For the effectiveness of the KIP, consumer with `group.instance.id` set will not send leave group request when they go offline, which means we shall only rely on session.timeout to trigger group rebalance. It is because the proposed rebalance protocol will trigger rebalance with this intermittent in-and-out which is not ideal. In static membership we leverage the consumer group health management to client application such as K8. Therefore, it is also advised to make the session timeout large enough so that broker side will not trigger rebalance too frequently due to member come and go.

Kafka Streams change

By having a handful admin tool, user could proactively remove members if session timeout is too long in runtime.

Kafka Streams change

KStream uses KStream uses stream thread as consumer unit.

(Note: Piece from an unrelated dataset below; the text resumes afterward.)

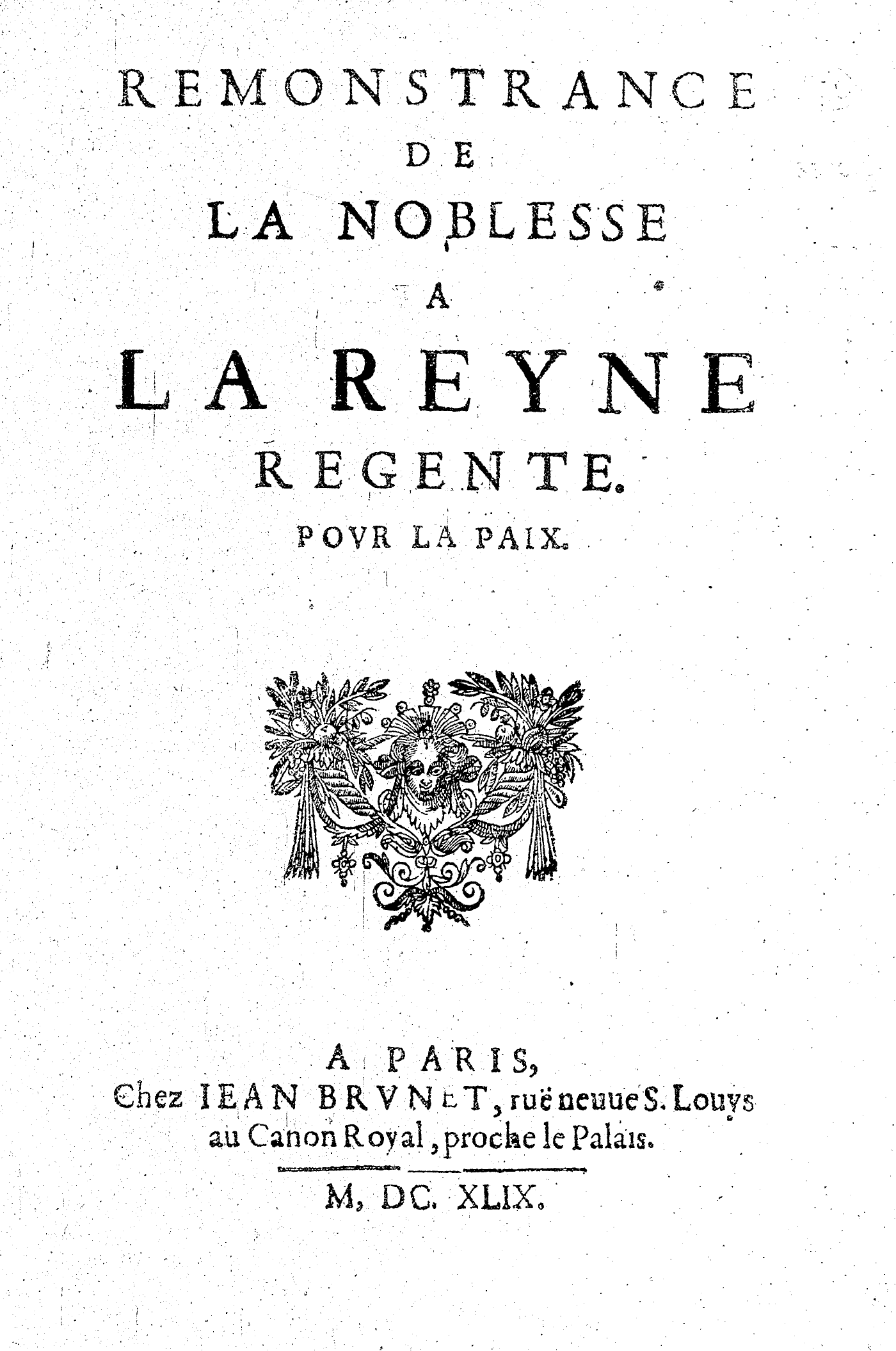 REMONSTRANCE DE LA NOBLESSE A LA REYNE REGENTE. POVR LA PAIX.

For a stream instance configured with `num.threads` = 16, there would be 16 main consumers running on a single instance. If user specifies the client id, the stream consumer client id will be like: User client id + "-StreamThread-" + thread id + "-consumer"If user client id is not set, then we will use process id. Our plan is to reuse the consumer client id to define `group.instance.id`, so effectively the KStream instance will be able to use static membership if end user defines unique `client.id` for stream instances.

For easy operation, we defined a new field in StreamsMetadata to expose all the `group.instance.id` given on each stream instance, so that user could use the use REST API to get instance ids first, and then use command line API to batch remove offline consumers without waiting for session timeout.

Server behavior changes

On server side, broker will keep handling join group request <= v3 as before. The `member.id` generation and assignment is still coordinated by broker, and broker will maintain an in-memory mapping of {group.instance.id → member.id} to track member uniqueness. When receiving an a known member's (A.K.A `group.instance.id` known) rejoin request, broker will return the cached assignment back to the member, without doing any rebalance.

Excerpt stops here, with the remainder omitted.